Document Type

Technical Report

Department

Computer Science and Engineering

Publication Date

2008-01-01

Filename

wucse-2008-25.pdf

DOI:

10.7936/K7RV0KXT

Technical Report Number

WUCSE-2008-25

Abstract

Real-time patient monitoring is critical to early detection of clinical patient deterioration in general hospital wards. A key challenge in such applications is to reliably deliver sensor data from mobile patients. We present an empirical analysis on the reliability of data collection from wireless pulse oximeters attached to users. We observe that most packet loss occur from mobile users to their first-hop relays. Based on this insight we developed the Dynamic Relay Association Protocol (DRAP), a simple and effective mechanism for dynamically discovering the right relays for wireless sensors attached to mobile users.
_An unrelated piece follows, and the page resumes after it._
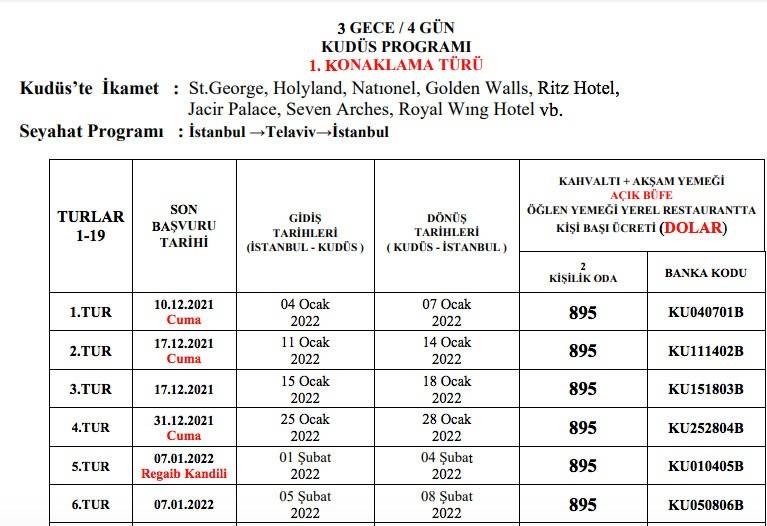2022 diyanet Kudüs tur fiyatları için tıklayın

DRAP enables highly reliable data collection from mobile users without requiring any change to complex routing protocols. We have implemented DRAP on the TinyOS platform and a prototype clinical monitoring system. Empirical evaluation showed DRAP delivered at least 96% of pulse oximetry data from multiple users, while maintaining a radio duty cycle below 2.8% and reducing the RAM footprint by 65% when compared to CTP. Our results demonstrates the feasibility and efficacy of wireless sensor network technology for real-time clinical monitoring.